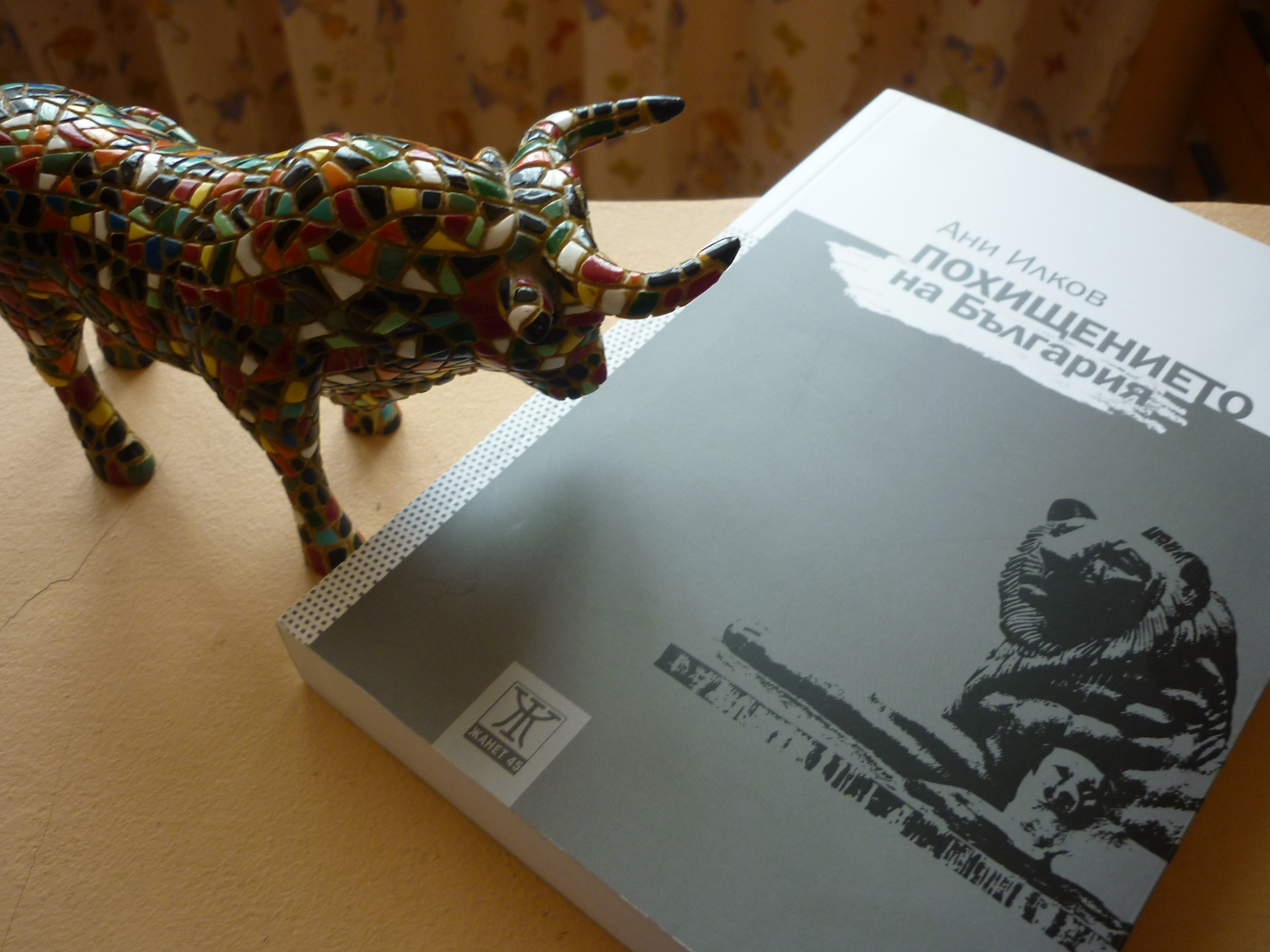 „The Abduction of Bulgaria. Political pamphlets (2002 - 2009)“, cover of the first Bulgarian edition, 2013
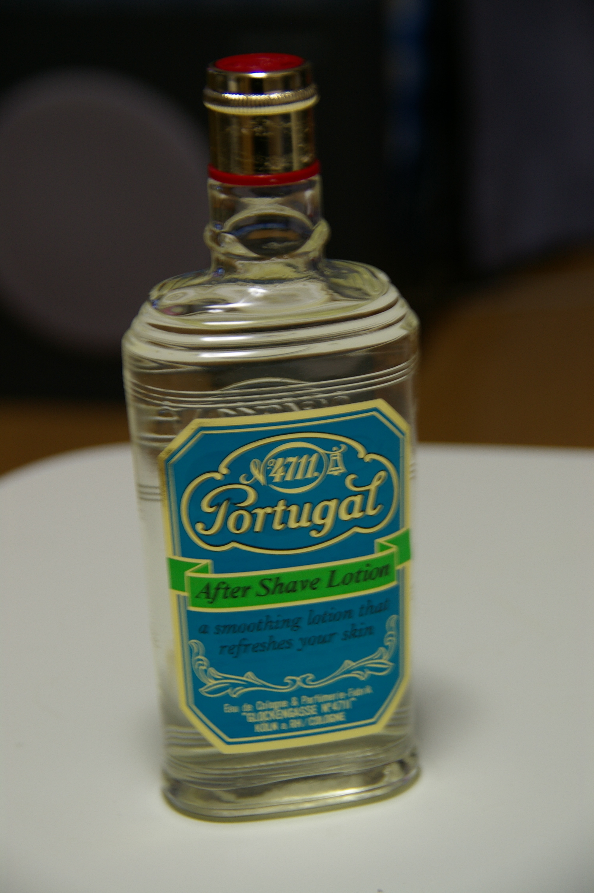 After Shave Lotion
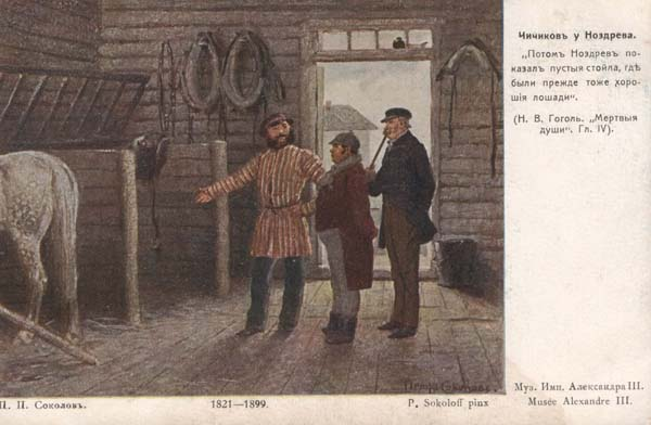 Chichikov Visiting Nozdrev. A pre-revolutionary Russian postcard.
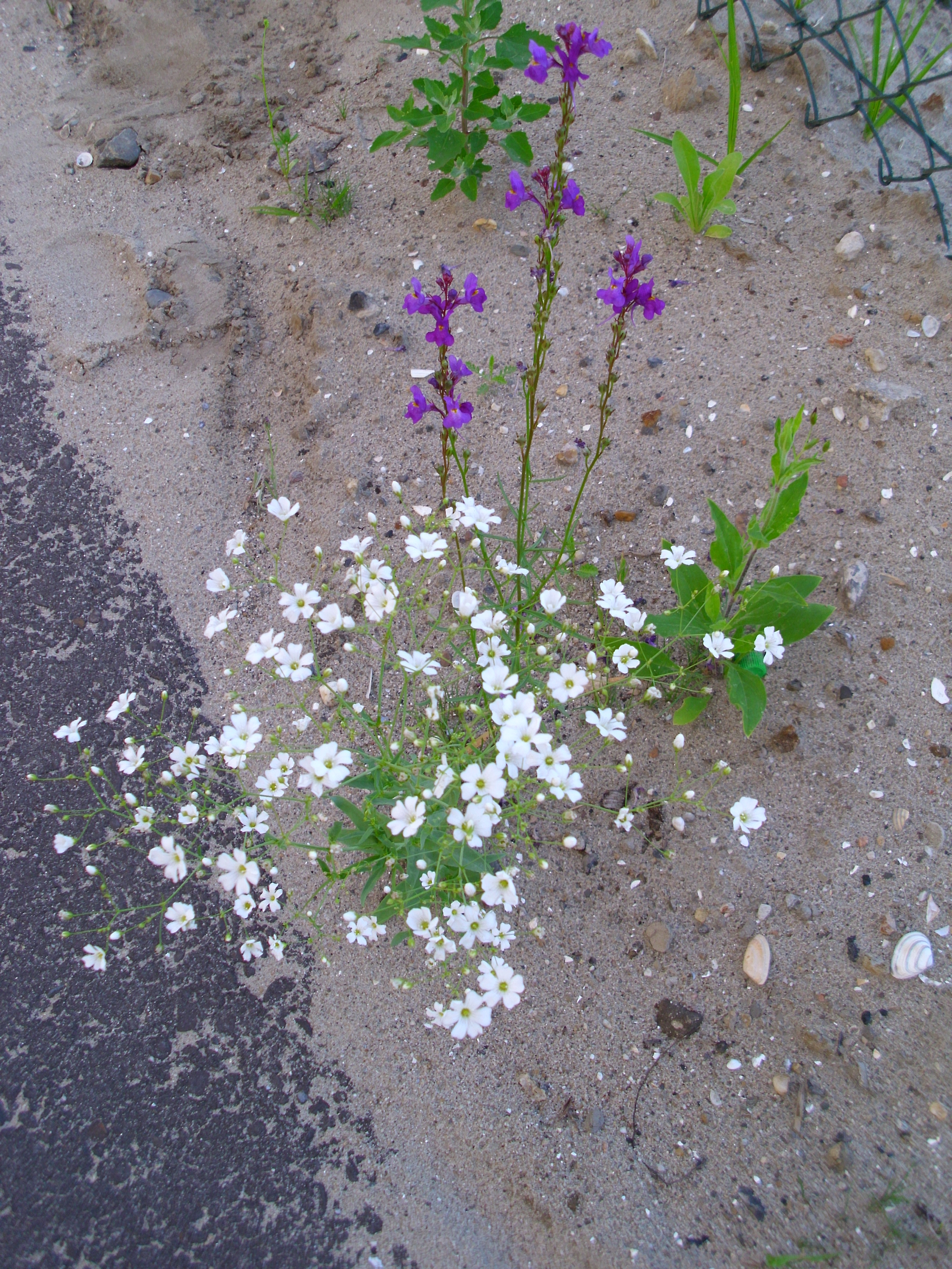 New (railroad) flora on verge
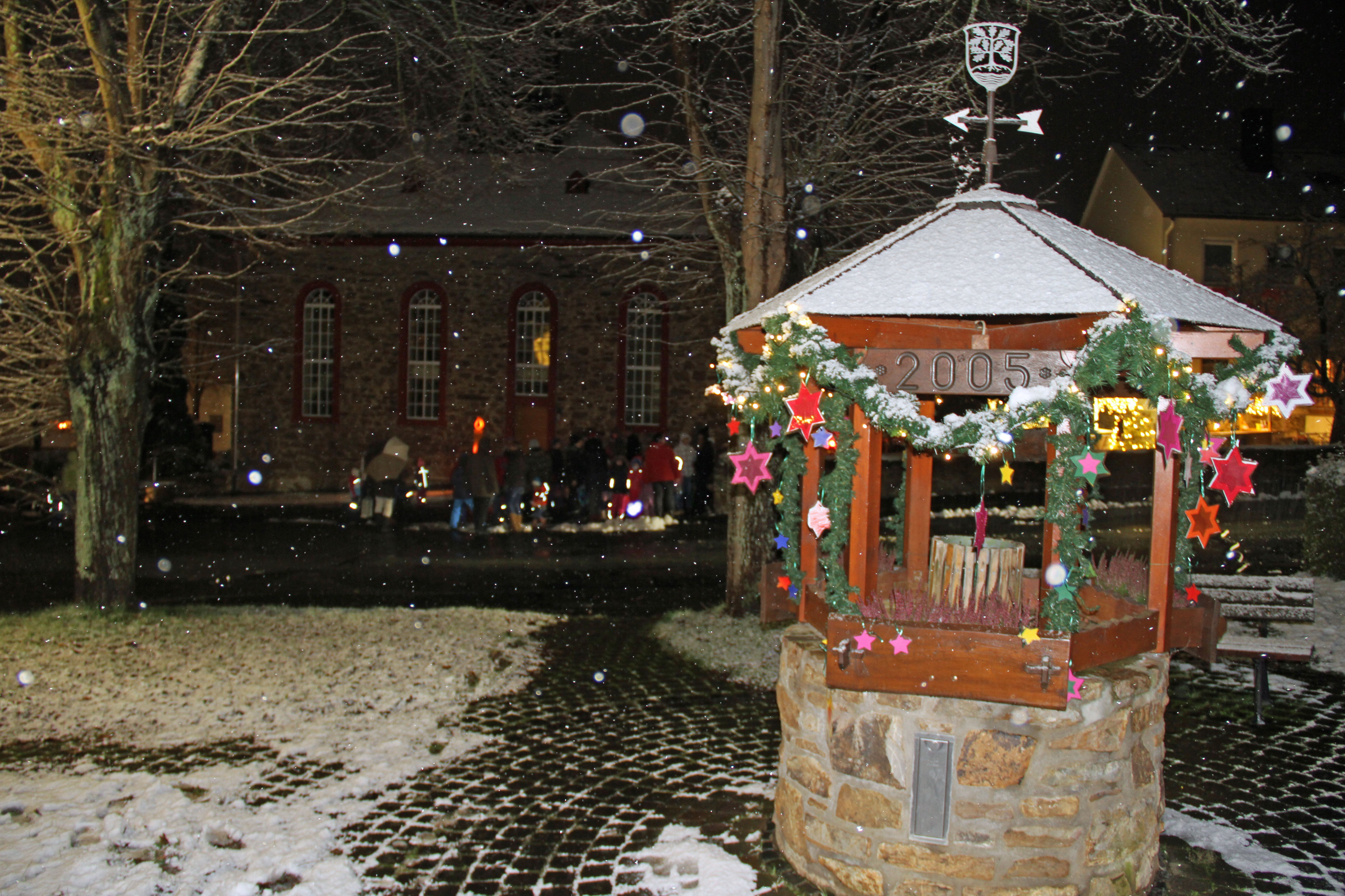 Der Dorfbrunnen im adventlichen "Kostüm" (im Hintergrund die Kirche)
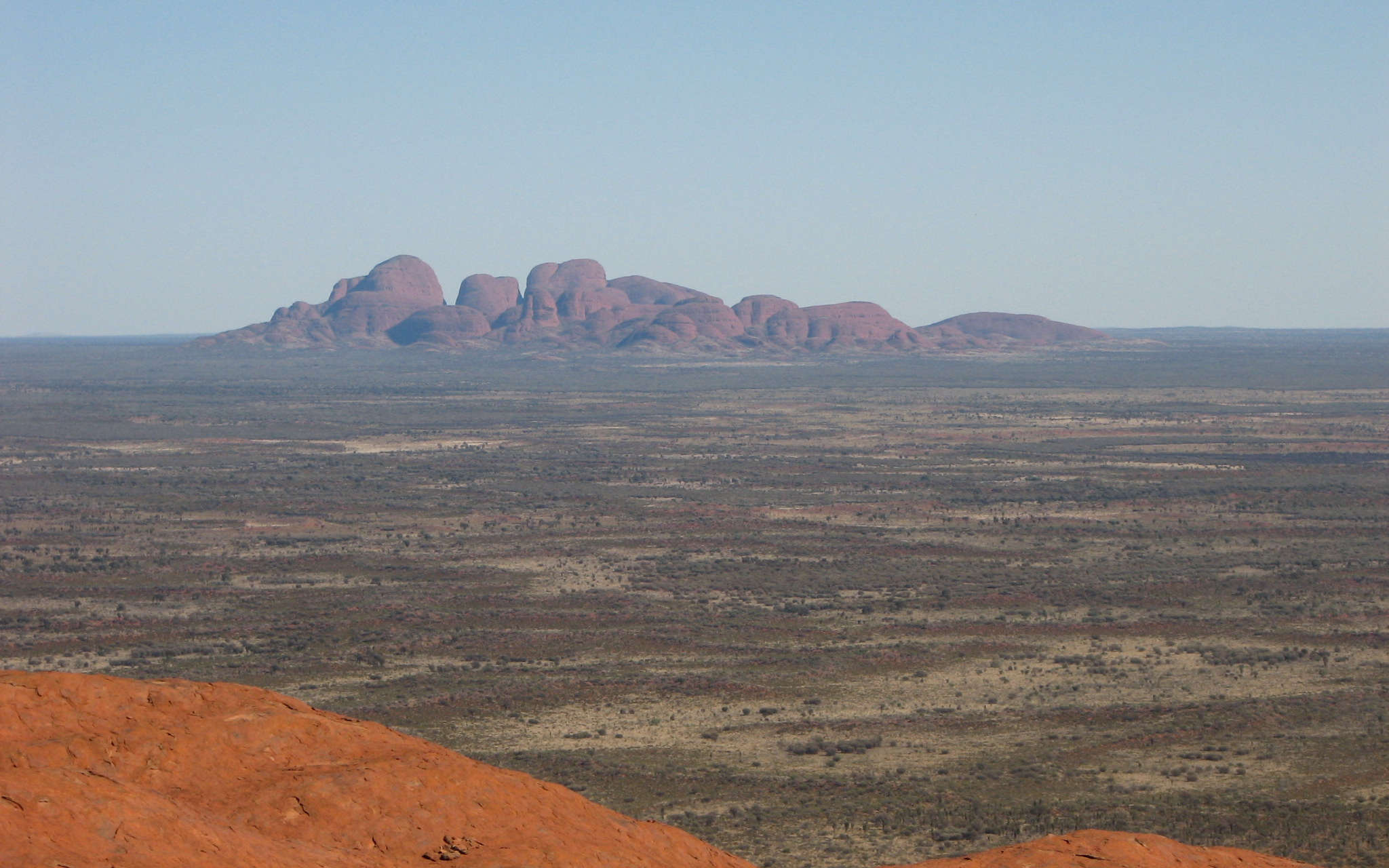 Kata Tjuta, from the top of Uluru

_WORK ITEM_. Leaving the pictures aside, transcribe the entire listing exactly.

_SOLUTION TO THE EXERCISE_.
 „The Abduction of Bulgaria. Political pamphlets (2002 - 2009)“, cover of the first Bulgarian edition, 2013
 After Shave Lotion
 Chichikov Visiting Nozdrev. A pre-revolutionary Russian postcard.
 New (railroad) flora on verge
 Der Dorfbrunnen im adventlichen "Kostüm" (im Hintergrund die Kirche)
 Kata Tjuta, from the top of Uluru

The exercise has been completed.